:: EXERCISE OBJECTIVE ::
Of all the lines below, output only those starting at the one with "Simply Half Sleeves" and ending at the one with "사진 속 윤태진은 프린팅이", both ends included, exactly as written.

:: EXERCISE DATA ::
..............................

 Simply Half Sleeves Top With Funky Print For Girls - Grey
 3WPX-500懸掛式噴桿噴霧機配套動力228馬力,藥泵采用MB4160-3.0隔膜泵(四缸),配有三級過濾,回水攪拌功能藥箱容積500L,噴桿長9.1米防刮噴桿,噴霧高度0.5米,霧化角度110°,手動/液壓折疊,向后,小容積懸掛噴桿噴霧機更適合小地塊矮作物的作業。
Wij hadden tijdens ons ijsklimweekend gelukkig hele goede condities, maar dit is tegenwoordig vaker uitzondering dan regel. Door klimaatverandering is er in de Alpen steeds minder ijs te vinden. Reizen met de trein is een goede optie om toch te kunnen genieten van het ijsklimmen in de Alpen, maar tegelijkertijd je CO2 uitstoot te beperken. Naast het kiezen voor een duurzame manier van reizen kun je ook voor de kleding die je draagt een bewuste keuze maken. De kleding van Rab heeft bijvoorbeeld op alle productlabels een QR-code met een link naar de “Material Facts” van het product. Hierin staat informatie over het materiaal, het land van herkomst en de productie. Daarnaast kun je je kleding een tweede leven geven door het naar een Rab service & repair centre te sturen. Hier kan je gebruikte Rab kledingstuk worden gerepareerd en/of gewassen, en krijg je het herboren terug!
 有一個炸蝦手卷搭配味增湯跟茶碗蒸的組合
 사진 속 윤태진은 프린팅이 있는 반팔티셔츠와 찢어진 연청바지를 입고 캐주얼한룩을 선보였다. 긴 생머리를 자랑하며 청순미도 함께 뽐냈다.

..............................

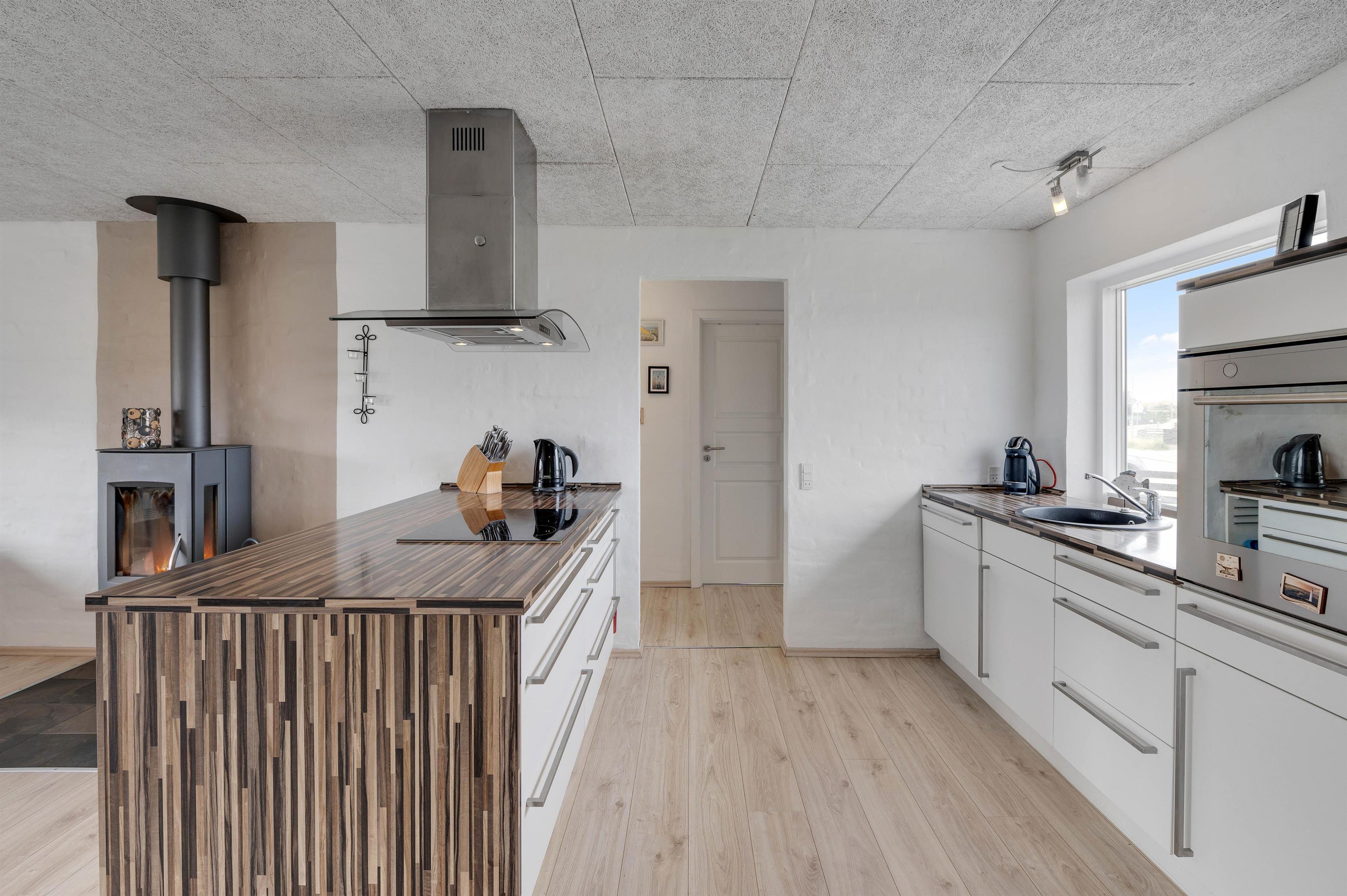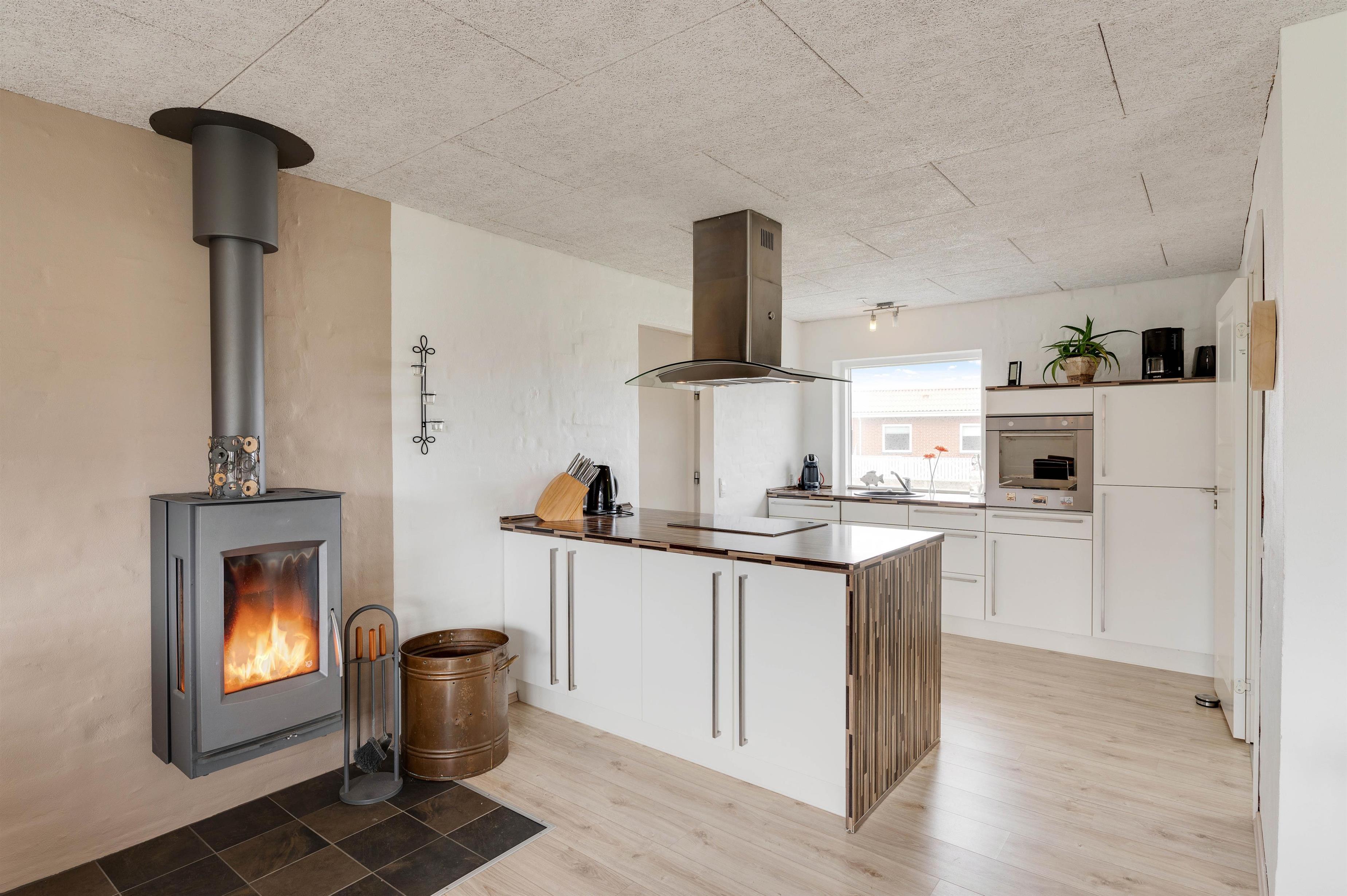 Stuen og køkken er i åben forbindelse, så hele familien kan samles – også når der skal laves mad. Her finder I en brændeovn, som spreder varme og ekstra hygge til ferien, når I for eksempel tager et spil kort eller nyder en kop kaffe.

..............................

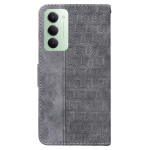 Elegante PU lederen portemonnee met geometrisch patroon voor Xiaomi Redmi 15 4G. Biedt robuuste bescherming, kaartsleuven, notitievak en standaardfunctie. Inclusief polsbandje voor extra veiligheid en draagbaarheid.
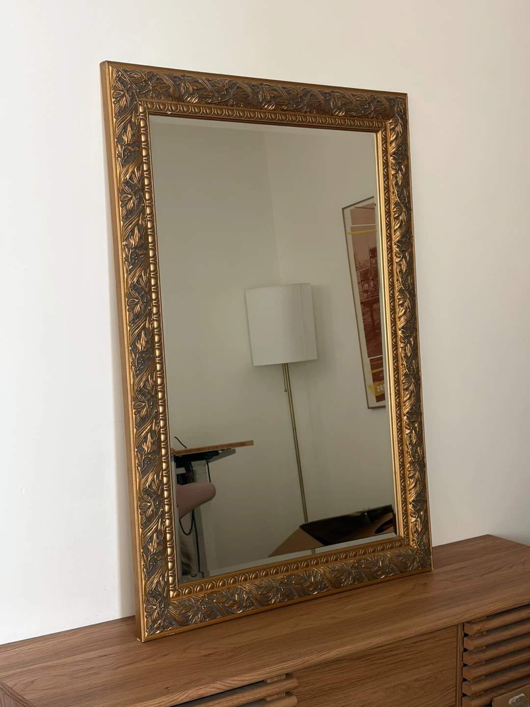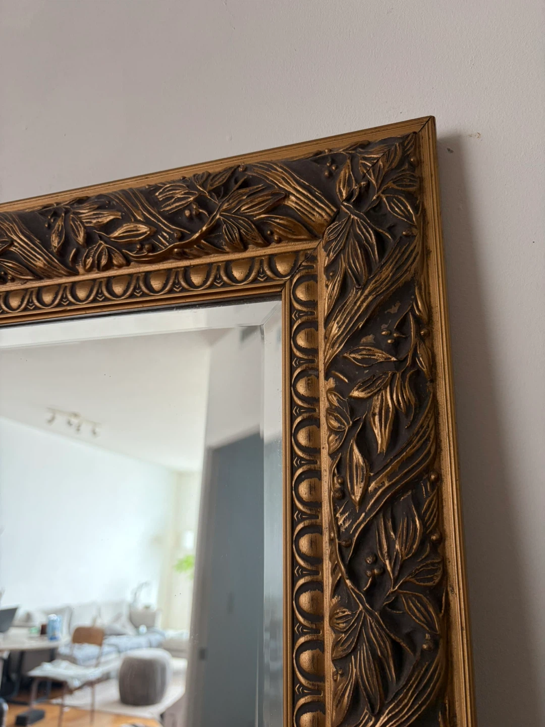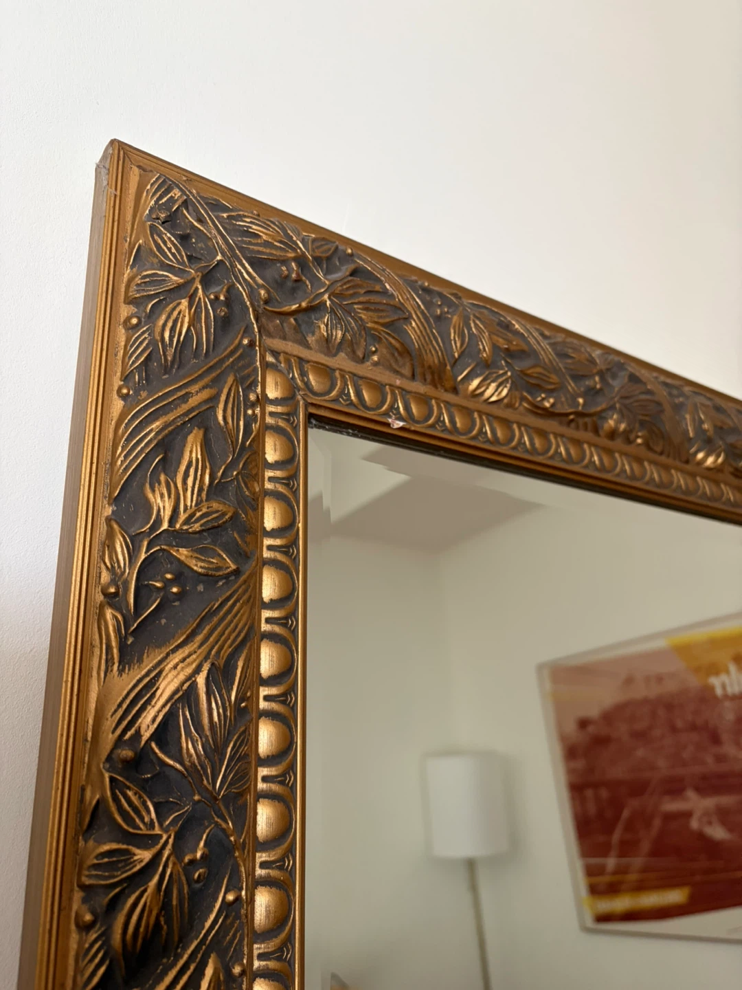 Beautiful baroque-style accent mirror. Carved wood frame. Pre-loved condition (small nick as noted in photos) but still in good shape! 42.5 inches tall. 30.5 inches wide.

..............................

:: SOLUTION TO THIS EXERCISE ::
 Simply Half Sleeves Top With Funky Print For Girls - Grey
 3WPX-500懸掛式噴桿噴霧機配套動力228馬力,藥泵采用MB4160-3.0隔膜泵(四缸),配有三級過濾,回水攪拌功能藥箱容積500L,噴桿長9.1米防刮噴桿,噴霧高度0.5米,霧化角度110°,手動/液壓折疊,向后,小容積懸掛噴桿噴霧機更適合小地塊矮作物的作業。
Wij hadden tijdens ons ijsklimweekend gelukkig hele goede condities, maar dit is tegenwoordig vaker uitzondering dan regel. Door klimaatverandering is er in de Alpen steeds minder ijs te vinden. Reizen met de trein is een goede optie om toch te kunnen genieten van het ijsklimmen in de Alpen, maar tegelijkertijd je CO2 uitstoot te beperken. Naast het kiezen voor een duurzame manier van reizen kun je ook voor de kleding die je draagt een bewuste keuze maken. De kleding van Rab heeft bijvoorbeeld op alle productlabels een QR-code met een link naar de “Material Facts” van het product. Hierin staat informatie over het materiaal, het land van herkomst en de productie. Daarnaast kun je je kleding een tweede leven geven door het naar een Rab service & repair centre te sturen. Hier kan je gebruikte Rab kledingstuk worden gerepareerd en/of gewassen, en krijg je het herboren terug!
 有一個炸蝦手卷搭配味增湯跟茶碗蒸的組合
 사진 속 윤태진은 프린팅이 있는 반팔티셔츠와 찢어진 연청바지를 입고 캐주얼한룩을 선보였다. 긴 생머리를 자랑하며 청순미도 함께 뽐냈다.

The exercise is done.